Background: Although hundreds of thousands of infants are infected each year by HIV-1 through mother-to-child transmission (MTCT), the route of HIV-1 MTCT is not well understood. Intrauterine and intrapartum HIV-1 infection could occur through birth canal exposure or transplacental HIV-1 passage. The latter could involve HIV-1 trafficking through an intact cellular barrier or through breaches in the placental barrier. Our group has previously shown that placental micro-transfusions are associated with intrapartum MTCT. In this study, we measure placental micro-transfusions by quantifying the amount of maternal DNA present in umbilical cord blood.

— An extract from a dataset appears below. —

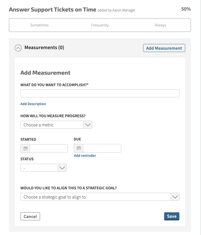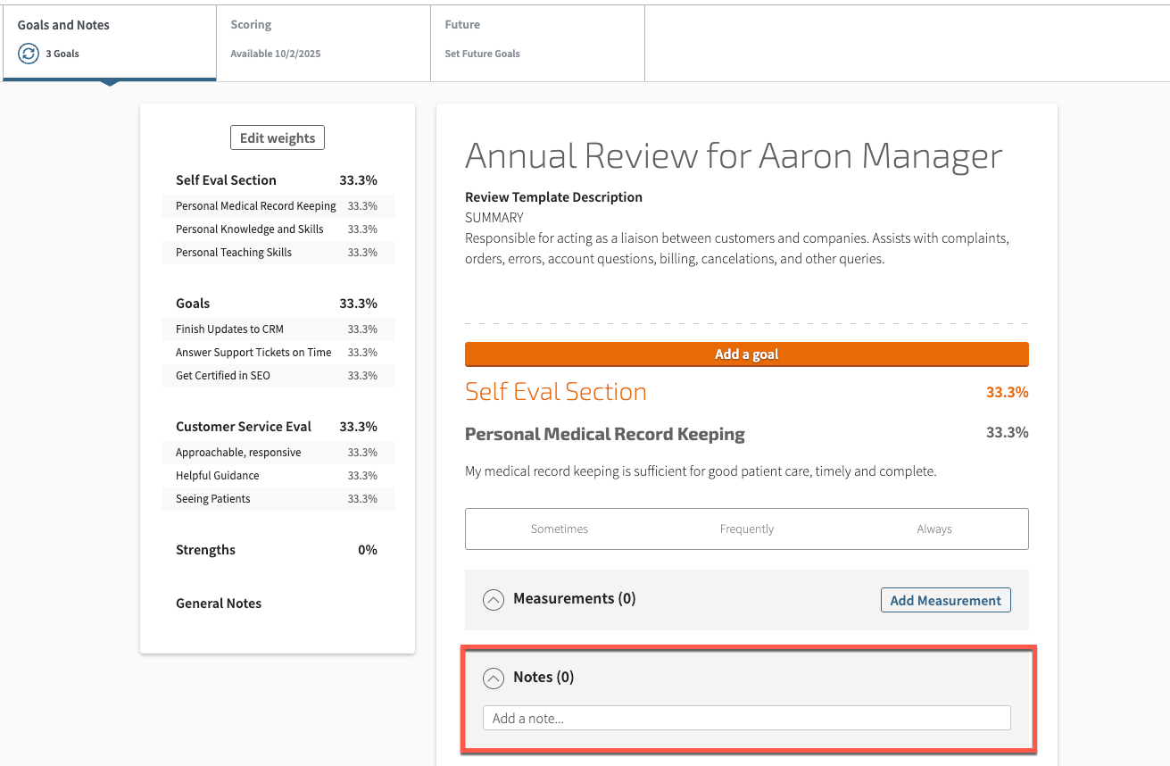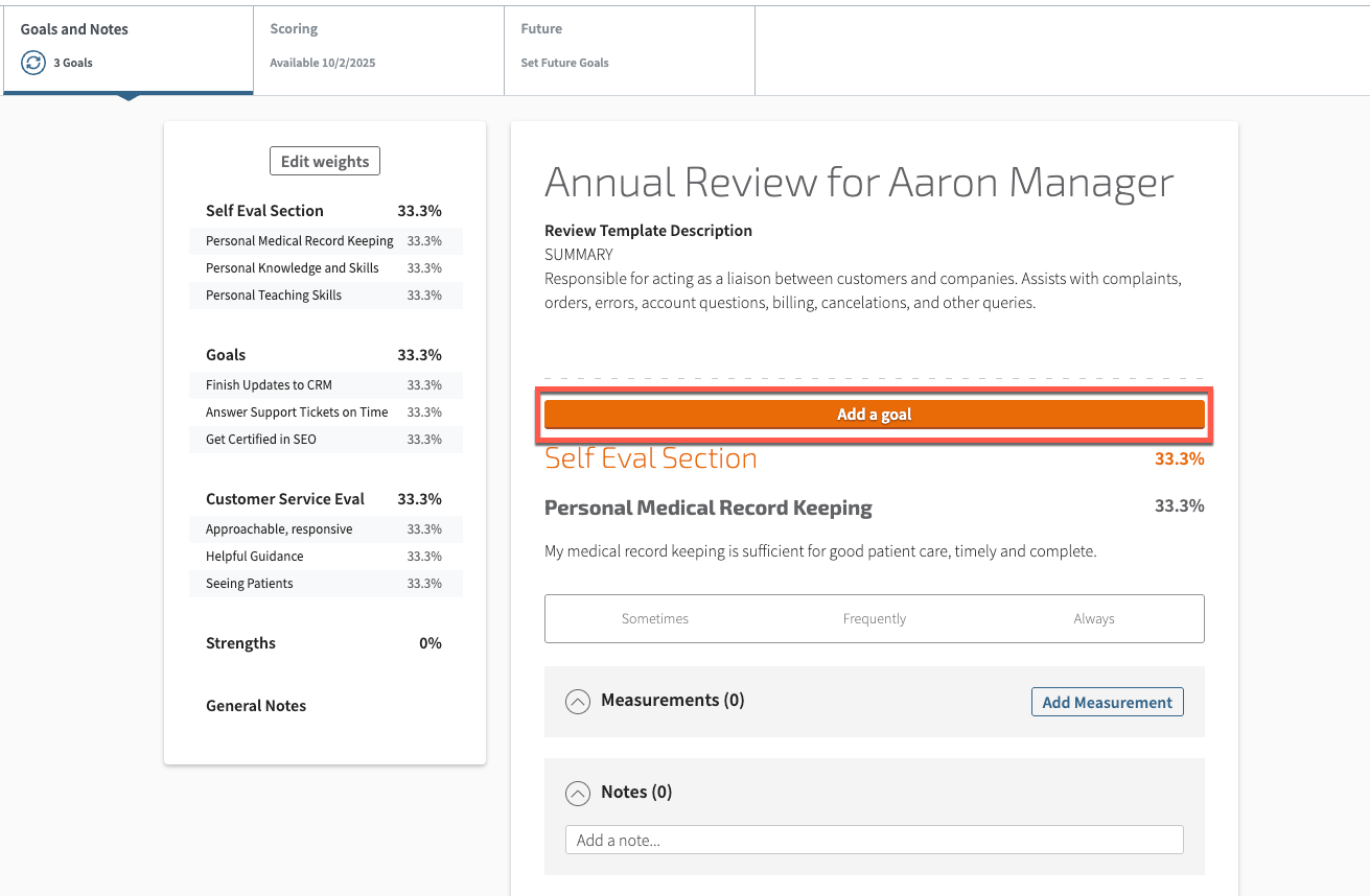 Pro Tip: If Goal Setting is enabled, you will see the Add a Goal button. Managers may have the ability to set goals, too! If you cannot add a goal, you can add a measurement attached to a competency. Goals are big-picture competencies that are set for an individual to focus on. Goals are scored and can carry weight overall.

Methods:  Matched maternal and umbilical cord genomic DNA was available from 328 of the 565 HIV-1⁺ women who vaginally delivered live, singleton infants with a definitive HIV-1 result 6 weeks post partum. Matched pairs were screened by polymerase chain reaction (PCR) to identify discordant ACE and GSTM1 alleles. We considered 91 pairs informative, meaning that the maternal isolate contained an ACE or GSTM1 allele not present in the infant (69 non-transmitters, 13 in utero-infected, and 9 intrapartum infected). The amount of maternal DNA present in the umbilical cord of informative pairs was quantified with real-time PCR and normalized to the amount of total genomic DNA. Associations were tested with the Wilcoxon-rank sum test.

Results:  As expected, maternal DNA was significantly higher in cord blood of intrapartum-infected infants than of uninfected infants (p = 0.02). Elevated amounts of maternal/fetal DNA admixture were associated with low birth weight (<2500 g; p = 0.02), preterm delivery (<37 weeks; p = 0.005), and low CD4 T cell count (<200 copies/mL; p = 0.04). Admixture was non-significantly associated with intrauterine MTCT (p = 0.06) and not associated with the following characteristics (p >0.2):  delayed placental delivery, visible placental tears, sex of the newborn, vaginal/vulval tears, episiotomy, syphilis sero-reactivity, rupture of membranes >4 hours, labor >10 hours, chorioamnionitis, the presence of placental Plasmodium falciparum parasites, high HIV-1 RNA concentration, primigravidity, or low placental weight.

Conclusions:  These data confirm our previous observation of the association between intrapartum MTCT and placental micro-transfusion. The associations between placental micro-transfusion, intrauterine MTCT, low CD4 count, and poor birth outcome should be followed-up in a larger study.